Chess Tempo

Username:
Password:
/ Register

User Details

Username:
Blitz Rating:
Standard Rating:
Logout
December 02, 2008, 06:02:30 am *
Welcome, Guest. Please login or register.
News: SMF - Just Installed!
 
Pages: [1]
Print
Author Topic: New problem set  (Read 425 times)
drahacikfm
Sr. Member
****
Posts: 417


View Profile
« on: May 21, 2008, 06:16:08 pm »

The new problem set is much more fun.  For example, now when I see after 20 seconds that I can win the queen for a rook, I just do it.  Previously, I had to spend an extra minute or two looking for weird mates-in-5 that might or might not be there.  Now I skip that part, and just win the queen Smiley
Logged

FIDE Master Drahacik
richard
Administrator
Hero Member
*****
Posts: 988



View Profile
« Reply #1 on: May 21, 2008, 06:38:12 pm »

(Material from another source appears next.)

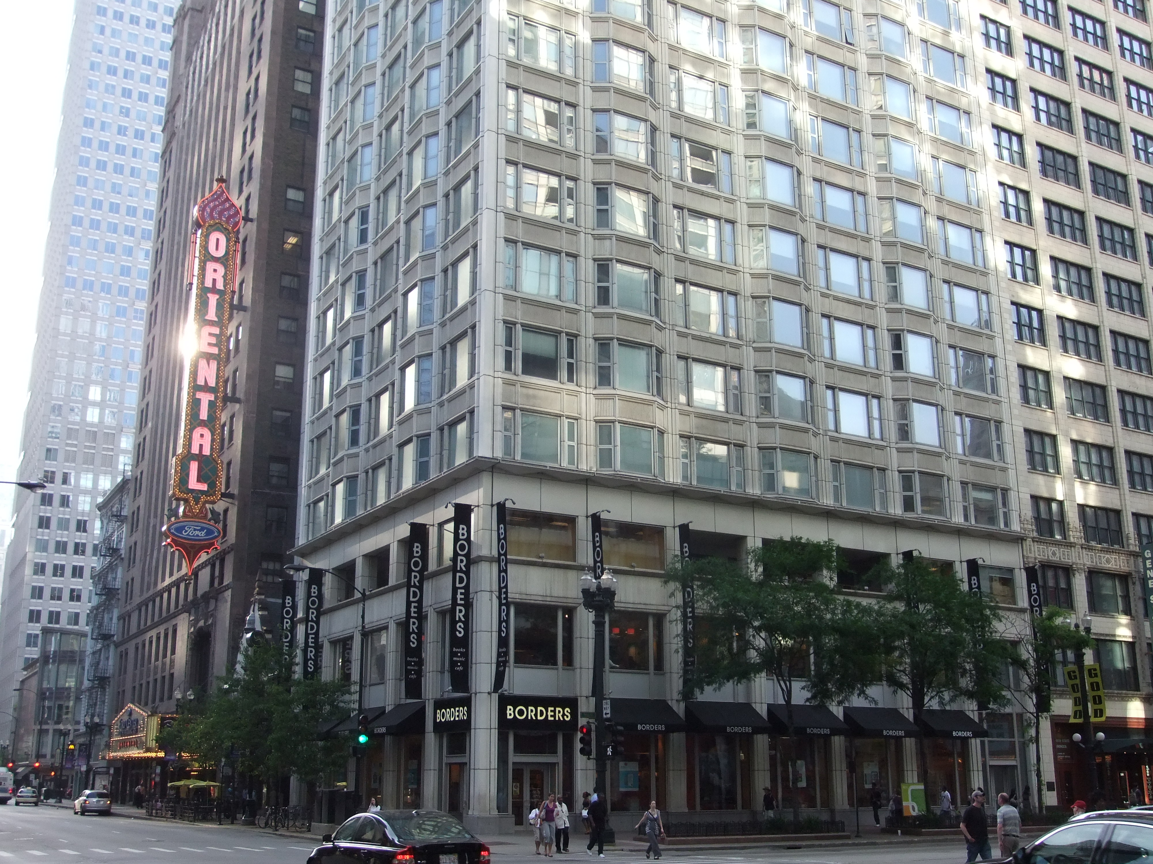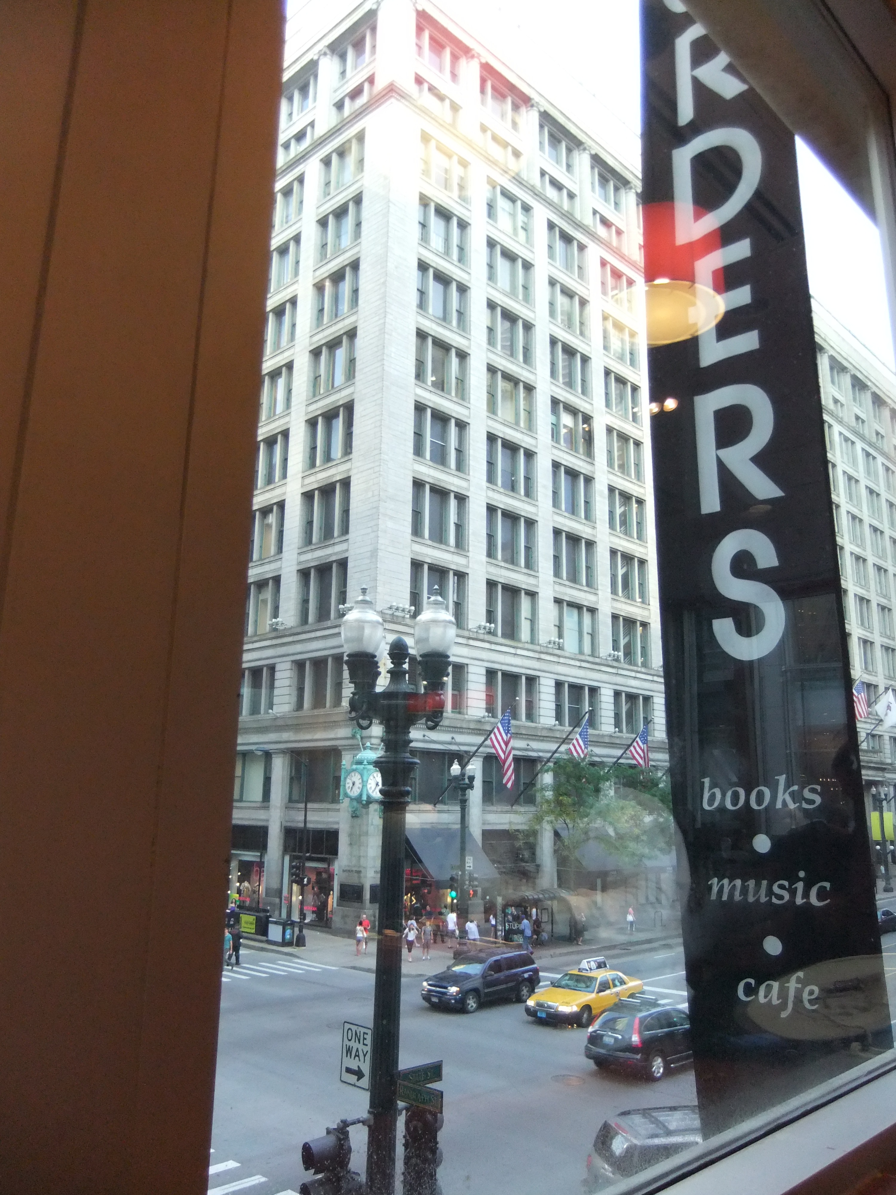 On Tuesday I’d taken my camera. Now I’m super happy I did. Here are my last pictures of the Borders on State that was. The first is what I see when I walk west on Randolph to get there. I imagine tomorrow there will be huge posters in the window announcing their liquidation sales. I’ve seen them when the Borders closed on Michigan Avenue across from Water Tower Place. Sad. The end of an era.

I'm very happy to hear that :-)  Mind you, there are still some mates lurking in the system where alternative material winning lines exist.  However my guess is that these are so uncommon now that you can almost always enjoy taking the queen without getting burnt.

I had an unrelated question that has come to mind after looking through some of the recent problem comments.  There are a number of non-mating problems that people have rated low quality due to positions which demand the user to find a rook take when a (perhaps easier) knight take is available.  This is related to what my generator considers to be winning. Generally speaking I don't allow positions where there are two moves that lead to a "won" position (this is easier for non-mates than mates as the mates hide the material evaluation).  My definition of won is a material advantage of slightly more than a minor piece. This means that going a knight up is not considered winning so positions with a rook take and knight take alternative are allowed and the rook take must be found.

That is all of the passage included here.